What you return should be the lines from the one with "همانا این همان" through the one with "Мощи св. Валентина" in the data below, reproduced exactly with both ends, and no pictures at all.

Extracted data entries
☆ ☆ ☆ ☆ ☆ ☆ ☆

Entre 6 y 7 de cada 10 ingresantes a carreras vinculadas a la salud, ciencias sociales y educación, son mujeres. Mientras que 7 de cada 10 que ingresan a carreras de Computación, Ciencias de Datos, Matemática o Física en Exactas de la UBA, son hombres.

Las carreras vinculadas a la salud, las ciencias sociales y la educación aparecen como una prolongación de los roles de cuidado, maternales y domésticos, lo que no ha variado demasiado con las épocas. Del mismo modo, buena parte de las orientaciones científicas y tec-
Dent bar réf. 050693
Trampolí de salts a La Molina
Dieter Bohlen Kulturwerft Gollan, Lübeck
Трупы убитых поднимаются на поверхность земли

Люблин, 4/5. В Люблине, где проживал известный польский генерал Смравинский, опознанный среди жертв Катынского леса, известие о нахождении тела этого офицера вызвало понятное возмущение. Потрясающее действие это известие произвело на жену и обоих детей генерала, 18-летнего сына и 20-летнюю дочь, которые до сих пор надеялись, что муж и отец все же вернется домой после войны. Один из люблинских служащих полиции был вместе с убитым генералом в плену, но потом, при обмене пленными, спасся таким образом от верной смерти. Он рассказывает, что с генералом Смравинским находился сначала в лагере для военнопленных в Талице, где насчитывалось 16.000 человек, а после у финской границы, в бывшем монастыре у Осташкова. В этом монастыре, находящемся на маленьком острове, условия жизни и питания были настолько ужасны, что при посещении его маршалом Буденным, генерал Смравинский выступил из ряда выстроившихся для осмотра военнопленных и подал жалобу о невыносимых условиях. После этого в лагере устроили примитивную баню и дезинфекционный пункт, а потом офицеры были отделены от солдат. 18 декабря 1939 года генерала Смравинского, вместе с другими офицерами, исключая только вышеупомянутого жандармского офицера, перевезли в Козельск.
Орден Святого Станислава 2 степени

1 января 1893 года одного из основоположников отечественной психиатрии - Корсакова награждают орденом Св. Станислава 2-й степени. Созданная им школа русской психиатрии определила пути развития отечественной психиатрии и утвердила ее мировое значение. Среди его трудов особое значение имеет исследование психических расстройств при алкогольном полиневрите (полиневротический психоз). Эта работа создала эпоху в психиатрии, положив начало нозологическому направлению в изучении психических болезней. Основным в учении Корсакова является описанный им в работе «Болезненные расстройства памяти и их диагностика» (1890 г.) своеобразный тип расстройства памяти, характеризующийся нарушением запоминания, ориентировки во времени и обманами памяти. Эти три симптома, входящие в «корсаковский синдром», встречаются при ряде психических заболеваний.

☆ ☆ ☆ ☆ ☆ ☆ ☆

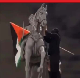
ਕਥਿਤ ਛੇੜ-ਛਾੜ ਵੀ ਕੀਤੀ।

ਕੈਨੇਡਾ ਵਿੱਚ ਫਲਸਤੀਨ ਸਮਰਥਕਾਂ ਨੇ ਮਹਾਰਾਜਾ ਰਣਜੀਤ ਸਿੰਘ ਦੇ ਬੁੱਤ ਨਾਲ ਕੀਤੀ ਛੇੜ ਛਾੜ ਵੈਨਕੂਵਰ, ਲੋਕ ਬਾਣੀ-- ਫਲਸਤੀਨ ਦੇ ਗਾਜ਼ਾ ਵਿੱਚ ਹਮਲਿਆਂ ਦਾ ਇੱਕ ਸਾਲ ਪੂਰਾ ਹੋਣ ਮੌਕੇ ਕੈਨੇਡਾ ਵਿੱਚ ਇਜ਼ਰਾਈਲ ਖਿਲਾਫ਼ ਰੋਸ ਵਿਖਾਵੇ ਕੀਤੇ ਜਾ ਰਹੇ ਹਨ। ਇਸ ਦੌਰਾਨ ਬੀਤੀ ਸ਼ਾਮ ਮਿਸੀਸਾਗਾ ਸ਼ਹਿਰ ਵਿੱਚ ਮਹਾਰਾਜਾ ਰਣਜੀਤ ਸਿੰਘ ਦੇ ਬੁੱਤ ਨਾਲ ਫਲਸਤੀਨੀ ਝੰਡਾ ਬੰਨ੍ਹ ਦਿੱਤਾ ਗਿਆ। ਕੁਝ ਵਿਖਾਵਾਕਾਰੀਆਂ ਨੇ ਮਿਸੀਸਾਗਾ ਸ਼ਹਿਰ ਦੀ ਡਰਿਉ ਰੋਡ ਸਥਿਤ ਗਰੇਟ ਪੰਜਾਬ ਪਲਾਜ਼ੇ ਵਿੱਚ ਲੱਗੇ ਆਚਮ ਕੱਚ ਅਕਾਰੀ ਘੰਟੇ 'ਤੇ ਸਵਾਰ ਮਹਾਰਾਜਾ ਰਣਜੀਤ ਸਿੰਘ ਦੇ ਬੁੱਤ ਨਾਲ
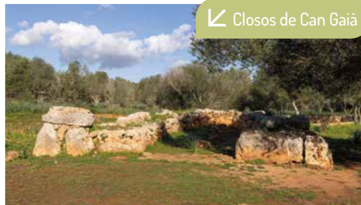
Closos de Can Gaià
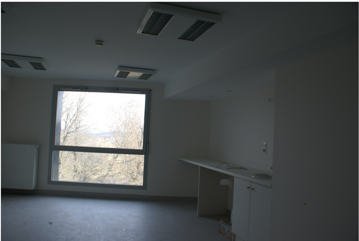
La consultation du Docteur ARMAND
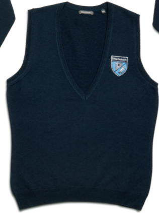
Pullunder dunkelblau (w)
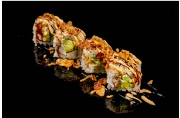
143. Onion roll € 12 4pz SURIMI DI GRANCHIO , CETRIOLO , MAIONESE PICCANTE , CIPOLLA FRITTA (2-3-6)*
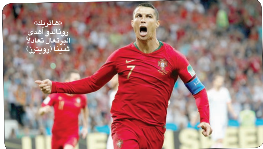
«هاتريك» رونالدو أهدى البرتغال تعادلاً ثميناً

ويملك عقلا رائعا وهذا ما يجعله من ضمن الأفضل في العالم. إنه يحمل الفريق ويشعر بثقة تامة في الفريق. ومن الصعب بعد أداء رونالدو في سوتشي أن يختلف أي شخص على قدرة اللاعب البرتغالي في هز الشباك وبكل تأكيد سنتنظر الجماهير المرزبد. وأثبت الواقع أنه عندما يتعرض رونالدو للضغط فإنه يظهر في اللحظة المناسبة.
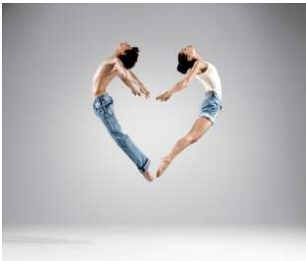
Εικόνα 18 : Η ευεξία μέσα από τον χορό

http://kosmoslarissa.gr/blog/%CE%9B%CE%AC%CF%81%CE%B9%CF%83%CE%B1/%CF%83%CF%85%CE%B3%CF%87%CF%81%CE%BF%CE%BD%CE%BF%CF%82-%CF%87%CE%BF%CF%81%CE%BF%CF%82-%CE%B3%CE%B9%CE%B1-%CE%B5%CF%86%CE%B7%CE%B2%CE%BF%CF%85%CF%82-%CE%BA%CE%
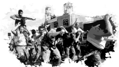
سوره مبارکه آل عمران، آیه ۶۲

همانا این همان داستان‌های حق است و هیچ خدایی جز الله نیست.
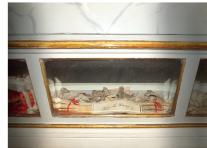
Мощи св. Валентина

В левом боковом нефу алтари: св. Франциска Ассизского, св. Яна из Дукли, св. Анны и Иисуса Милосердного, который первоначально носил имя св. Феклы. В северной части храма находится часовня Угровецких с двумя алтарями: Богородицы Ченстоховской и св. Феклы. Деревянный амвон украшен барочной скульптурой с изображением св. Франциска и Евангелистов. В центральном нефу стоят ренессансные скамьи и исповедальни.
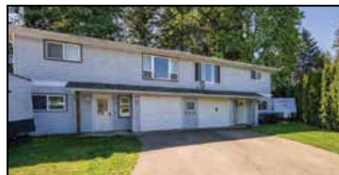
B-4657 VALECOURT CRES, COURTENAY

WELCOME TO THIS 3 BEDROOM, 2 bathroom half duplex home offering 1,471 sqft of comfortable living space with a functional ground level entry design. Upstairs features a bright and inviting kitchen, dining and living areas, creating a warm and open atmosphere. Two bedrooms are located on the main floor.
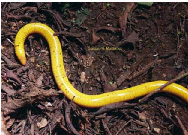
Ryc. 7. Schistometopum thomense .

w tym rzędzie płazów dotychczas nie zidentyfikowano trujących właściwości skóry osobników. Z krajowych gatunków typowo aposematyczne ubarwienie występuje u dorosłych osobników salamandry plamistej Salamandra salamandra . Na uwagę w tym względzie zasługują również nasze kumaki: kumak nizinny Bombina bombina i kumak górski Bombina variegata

☆ ☆ ☆ ☆ ☆ ☆ ☆

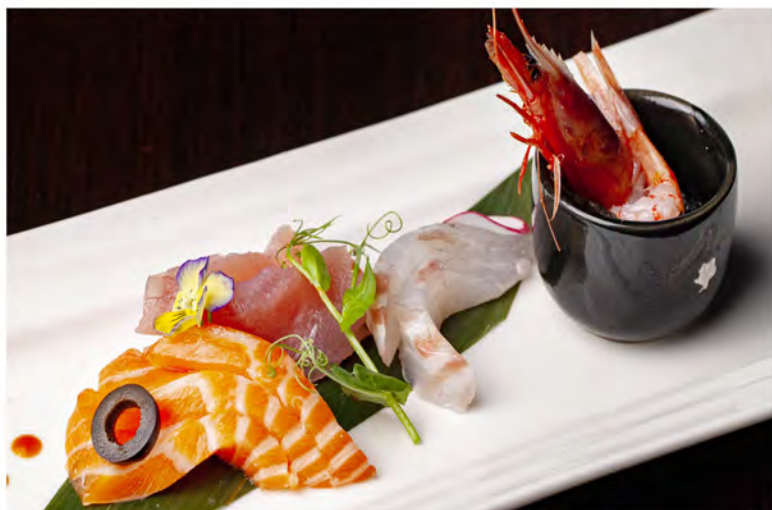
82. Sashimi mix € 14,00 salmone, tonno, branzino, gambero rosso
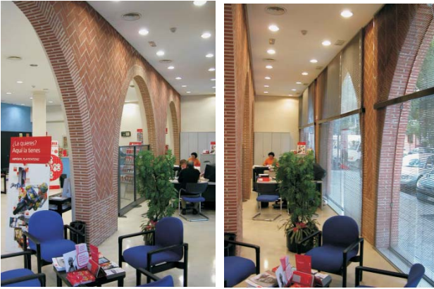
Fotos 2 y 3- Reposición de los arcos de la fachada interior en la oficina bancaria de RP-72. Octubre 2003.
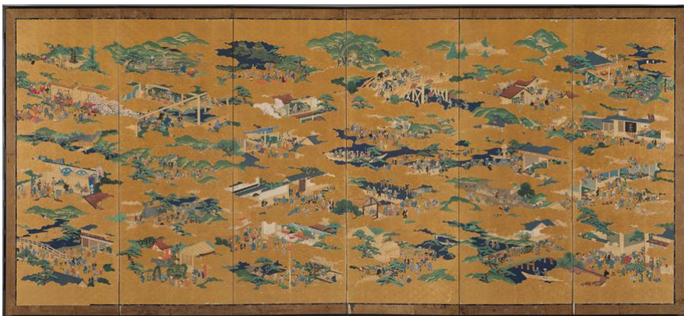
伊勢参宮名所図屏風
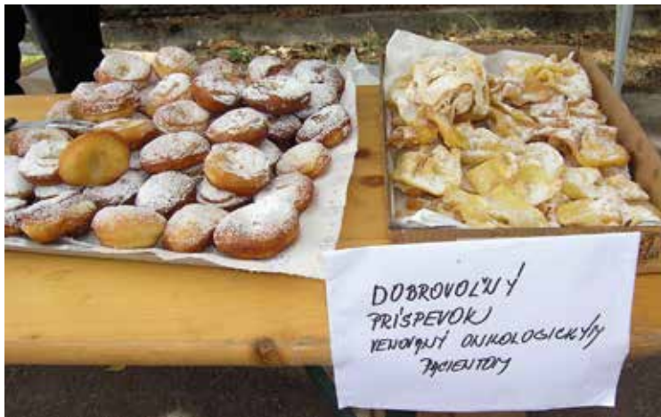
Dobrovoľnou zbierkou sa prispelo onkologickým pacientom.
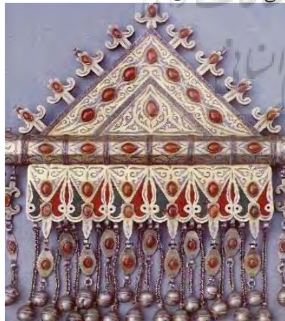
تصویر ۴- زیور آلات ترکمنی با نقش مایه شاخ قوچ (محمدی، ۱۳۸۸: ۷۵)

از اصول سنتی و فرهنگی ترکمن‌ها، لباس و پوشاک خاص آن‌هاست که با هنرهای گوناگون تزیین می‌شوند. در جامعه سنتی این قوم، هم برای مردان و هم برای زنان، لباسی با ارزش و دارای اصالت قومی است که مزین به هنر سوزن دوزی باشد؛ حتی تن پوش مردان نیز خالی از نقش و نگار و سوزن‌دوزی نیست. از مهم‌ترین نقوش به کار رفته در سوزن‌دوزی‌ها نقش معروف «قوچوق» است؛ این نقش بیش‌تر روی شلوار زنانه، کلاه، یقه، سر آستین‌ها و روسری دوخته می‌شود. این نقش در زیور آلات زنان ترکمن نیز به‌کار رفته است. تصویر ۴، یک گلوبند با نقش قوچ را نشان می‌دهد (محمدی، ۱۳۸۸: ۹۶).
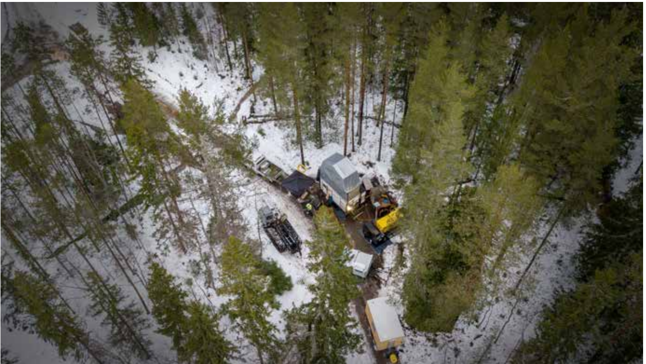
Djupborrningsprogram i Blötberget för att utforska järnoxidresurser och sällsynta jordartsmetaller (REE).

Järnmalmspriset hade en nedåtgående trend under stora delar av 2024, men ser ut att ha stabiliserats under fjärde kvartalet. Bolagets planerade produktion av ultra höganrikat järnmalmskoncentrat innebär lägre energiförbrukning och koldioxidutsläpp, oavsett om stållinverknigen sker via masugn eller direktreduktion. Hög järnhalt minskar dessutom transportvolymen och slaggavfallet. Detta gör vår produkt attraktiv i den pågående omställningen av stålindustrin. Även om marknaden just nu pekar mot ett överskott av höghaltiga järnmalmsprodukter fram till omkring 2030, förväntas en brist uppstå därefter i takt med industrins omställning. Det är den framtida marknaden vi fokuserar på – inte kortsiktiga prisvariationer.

☆ ☆ ☆ ☆ ☆ ☆ ☆

### [ANSWER SPACE]
همانا این همان داستان‌های حق است و هیچ خدایی جز الله نیست.
Мощи св. Валентина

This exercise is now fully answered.